State of Downtown Orlando: Mayor doubles down on metaverse – The Business Journals

Buddy Dyer did something new with his State of Downtown address.
The Orlando Mayor during his Dec. 7 address at Luminary Green Park within downtown’s Creative Village hosted what he said was the first address by a mayor in the metaverse. With the help of the Orlando Economic Partnership, The Metaverse Construction Co., the Central Florida Chapter of the VR/AR Association, 302 Interactive and Engage, the mayor simulcast his live annual address alongside a virtual avatar in a virtual world.
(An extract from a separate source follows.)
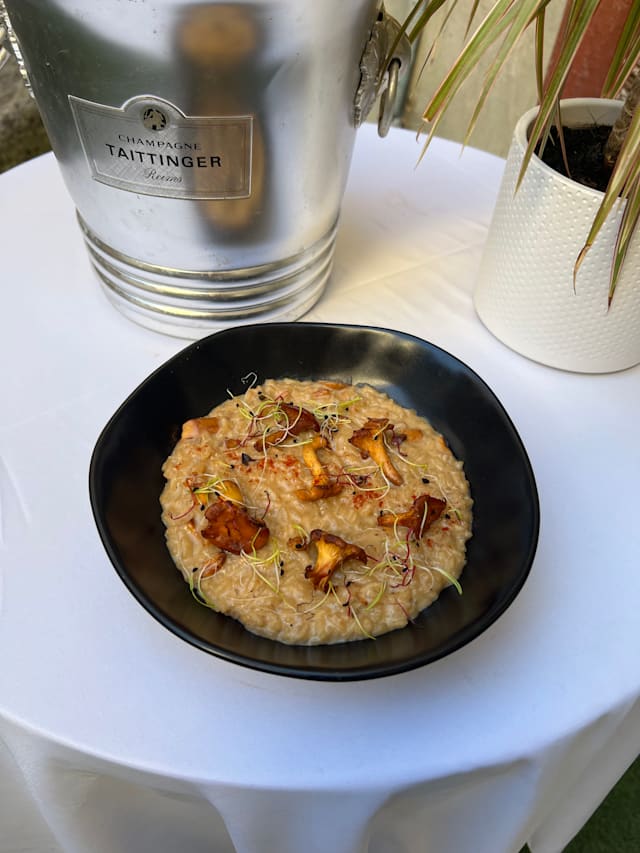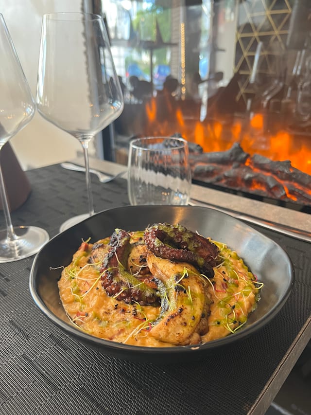 Poulpe et risotto crémenx au chorizo, persillade parfumée

Why this matters: Emerging technology pays high-wage jobs. Regional updates provide insight into what business activity lies ahead.
Dyer called the City Beautiful the “MetaCenter of the Metaverse” with companies — including nearby Electronic Arts (Nasdaq: EA), which designed a separate “digital twin” of the mayor, and Unity Software Inc. (NYSE: U) — helping to build that environment.
Dyer also added he wants to build upon the companies here that are in the tech sector, claiming there are more than 2,500 tech jobs available in Orlando. Part of that strategy will be luring and retaining those workers including graduates from the University of Central Florida and other regional colleges.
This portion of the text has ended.